Through experiments, the Weighted SUM of Log rule was selected in this research as it afforded the highest matching accuracy as shown in Tables 212.

We show the theoretical reason why the Weighted SUM of Log rule produces the higher accuracy compared to other fusion methods. As shown in Figure 8, we show the classifier based on Weighted SUM of Log, PRODUCT, SUM, Weighted SUM, MIN, and MAX rules. For simplicity, we explain them with the fusion method using two scores, which means that two classifiers are used. In Figure 8, the horizontal and vertical axes represent the two matching scores (distances) of d1 and d2, respectively. With an input humming file, we can obtain two matching scores of d1 and d2 per each reference file. If the input humming data corresponds to the reference file (humming and reference file are same songs), the matching distances of d1 and d2 are inevitably small because the characteristics of the input humming are similar to those of the reference file. If the input humming data does not correspond to the reference file (these two data are different songs), the matching distances of d1 and d2 are inevitably large. Therefore, the distribution of matching samples of the former case (humming and reference file are same songs) is positioned closed to the origin of the graph (region shaped by blue dotted line of the Figure 8). However, the distribution of matching samples of the latter case (humming and reference file are different songs) is distributed in the right-upper area (region shaped by red solid line of the Figure 8). Here, the region shaped by blue dotted line is named as the distribution of genuine matching cases (DGMC), and that shaped by red solid line is called as the distribution of imposter matching cases (DIMC).

The classifier lines based on Weighted SUM of Log rule, PRODUCT, SUM, Weighted SUM, MIN, and MAX rules are shown in black solid lines in Figure 8, respectively. Although the matching case actually belongs to the DGMC, and it is incorrectly determined as the DIMC, we call it as false rejection error (FRR) case. In contrast, although the matching case is actually the DIMC, and it is incorrectly determined as the DGMC, we call it as false acceptance error (FAR) case [23].

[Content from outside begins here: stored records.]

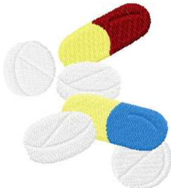
Name: Medikamente.EMB Datei: MEDIKAMENTE.TBF Stiche: 7439 Größe: 72.4x80.4 mm
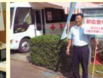
10月29日。宮崎大学で献血活動。
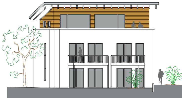
Aktuelles Projekt: der Neubau eines Mehrfamilienhauses in Rütthen (siehe Skizzen); zwei Eigentumswohnungen stehen momentan noch zum Verkauf.

„Wir realisieren individuelle Architektenhäuser und realisieren Bauprojekte nach den Wünschen der Bauherren und nach den örtlichen Bauvorschriften. Wir stehen mit unserem Namen für fundierte Handwerkskunst und eine verantwortungsvolle Bauausführung“, unterstreichen die beiden Geschäftsführer die Philosophie ihres Unternehmens, das neben den Tätigkeiten beim Hausbau mit diversen Auftragsarbeiten im Tief- und Hochbau und im Bereich der Sanierung sein Leistungsspektrum komplettiert. Unterstützt
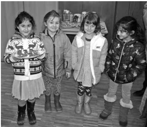
Gastfreundschaft in der Schule Langbargheide: Die Wölfe-Klasse hat leckere Obststücker für den Runden Tisch zubereitet.

Im November 2017 befassten sich beim Runden Tisch Gesundheitsförderung Lurup/Osdorfer Born 40 Engagierte mit dem Thema „Förde-
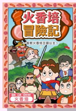
派发小册子 (繁体字版)

As shown in Figure 8, the classifier lines based on the SUM, Weighted SUM, MIN, and MAX rules are linear, which have the limitations of completely separating the DGMC from the DIMC, and the consequent FAR and FRR cases occur. However, the classifier lines based on the Weighted SUM of Log and PRODUCT rules are non-linear, which has the superior ability of separating the DGMC from the DIMC, and the consequent FAR and FRR cases are reduced.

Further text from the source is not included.